→ **Input data**:
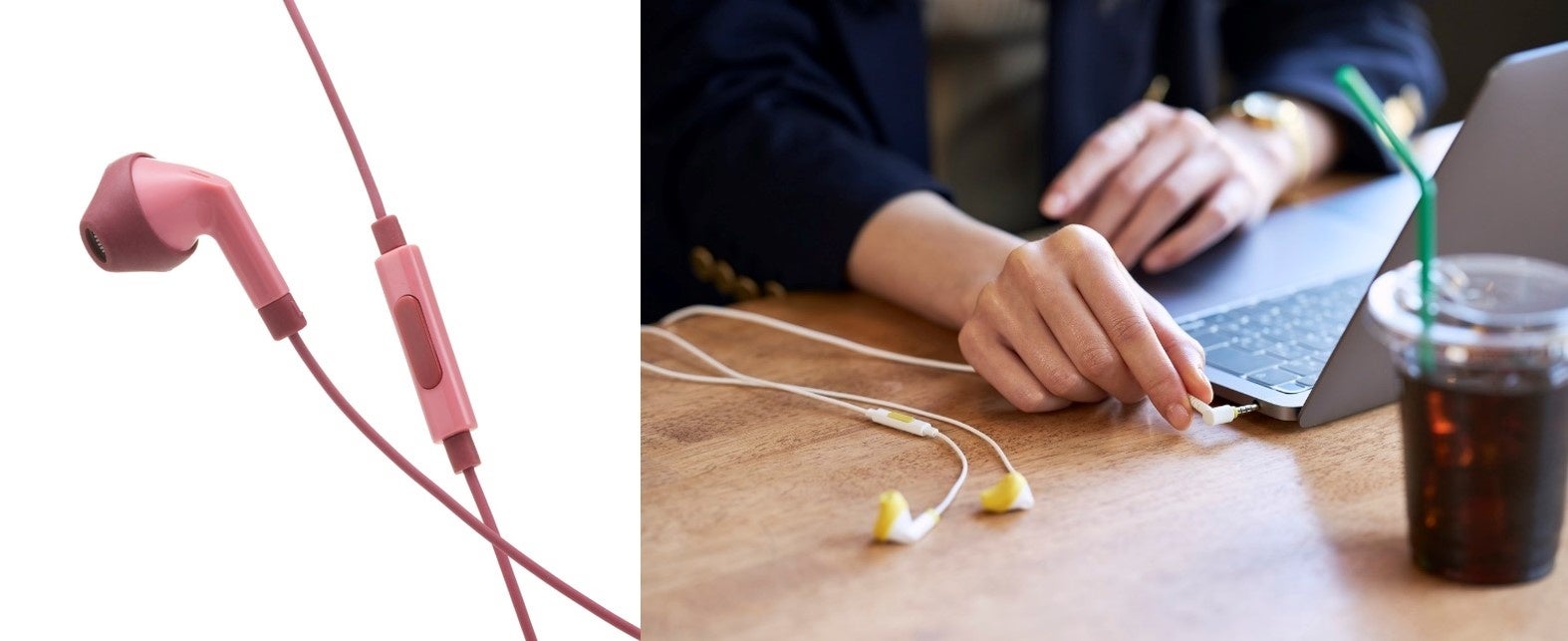インナーイヤータイプで音がこもりにくく、密閉しない装着感のヘッドホンです。有線タイプで、急なWeb会議でも接続のトラブルを心配することなく安心して使用できます。さらに、通話もできるマイク付きで、マイクには着信応答と通話終了スイッチを搭載しています。
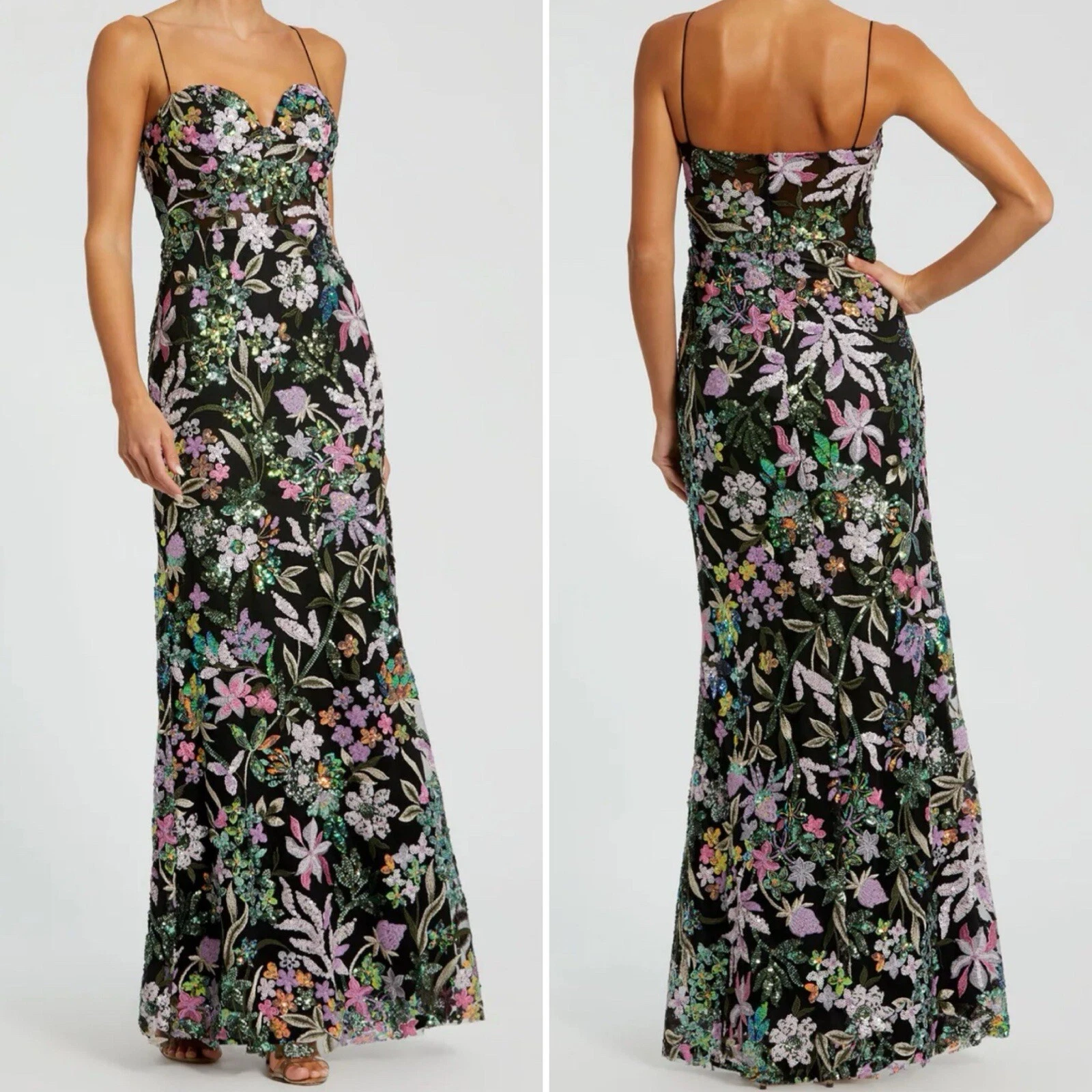 Mac Duggal Black Floral Sequin Spaghetti Strap Bustier Embroidered Applique Gown in size 12. New with tags. This gown features a romantic sweetheart neckline and a flattering bustier bodice. With delicate spaghetti straps and a sleeveless design, it offers a chic and feminine silhouette. Adorned with all-over stunning floral embroidery, this gown is sure to make you feel like a vision of beauty. Embroidered mesh overlay; 100% polyester lining. Fully lined through bodice and skirt. Sweetheart neckline. Sleeveless. Spaghetti straps. Bustier. All-over stunning floral embroidery. Concealed back zipper. Approximately 60″ from top of shoulder to bottom hem. Retail $498. Style #49827
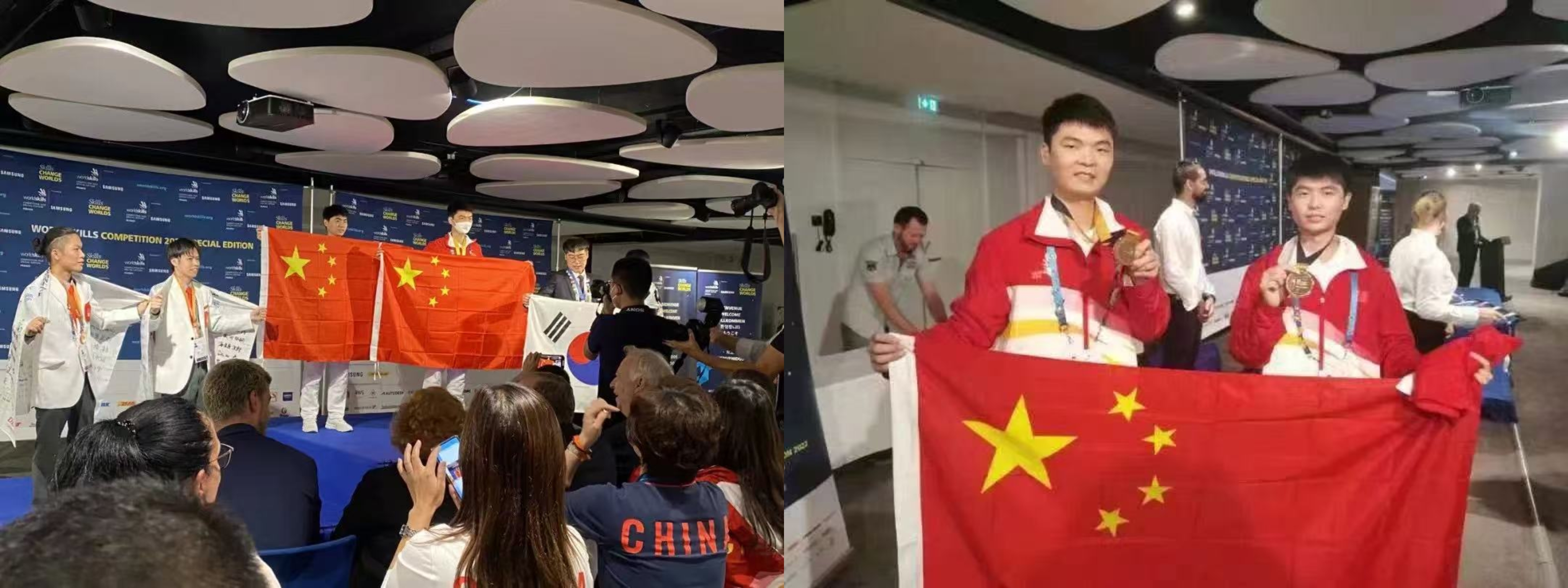 在采访尾声,两人展示了一张特殊合影——2022年世赛颁奖台上的并肩身影与如今指导席上的默契配合。“从追光者到点灯人,变的是角色,不变的是‘技能报国’的初心。”侯坤鹏说。

→ **What to do**: Return each line above exactly; any pictures are to be skipped.

→ **Solution to this problem**:
インナーイヤータイプで音がこもりにくく、密閉しない装着感のヘッドホンです。有線タイプで、急なWeb会議でも接続のトラブルを心配することなく安心して使用できます。さらに、通話もできるマイク付きで、マイクには着信応答と通話終了スイッチを搭載しています。
 Mac Duggal Black Floral Sequin Spaghetti Strap Bustier Embroidered Applique Gown in size 12. New with tags. This gown features a romantic sweetheart neckline and a flattering bustier bodice. With delicate spaghetti straps and a sleeveless design, it offers a chic and feminine silhouette. Adorned with all-over stunning floral embroidery, this gown is sure to make you feel like a vision of beauty. Embroidered mesh overlay; 100% polyester lining. Fully lined through bodice and skirt. Sweetheart neckline. Sleeveless. Spaghetti straps. Bustier. All-over stunning floral embroidery. Concealed back zipper. Approximately 60″ from top of shoulder to bottom hem. Retail $498. Style #49827
 在采访尾声,两人展示了一张特殊合影——2022年世赛颁奖台上的并肩身影与如今指导席上的默契配合。“从追光者到点灯人,变的是角色,不变的是‘技能报国’的初心。”侯坤鹏说。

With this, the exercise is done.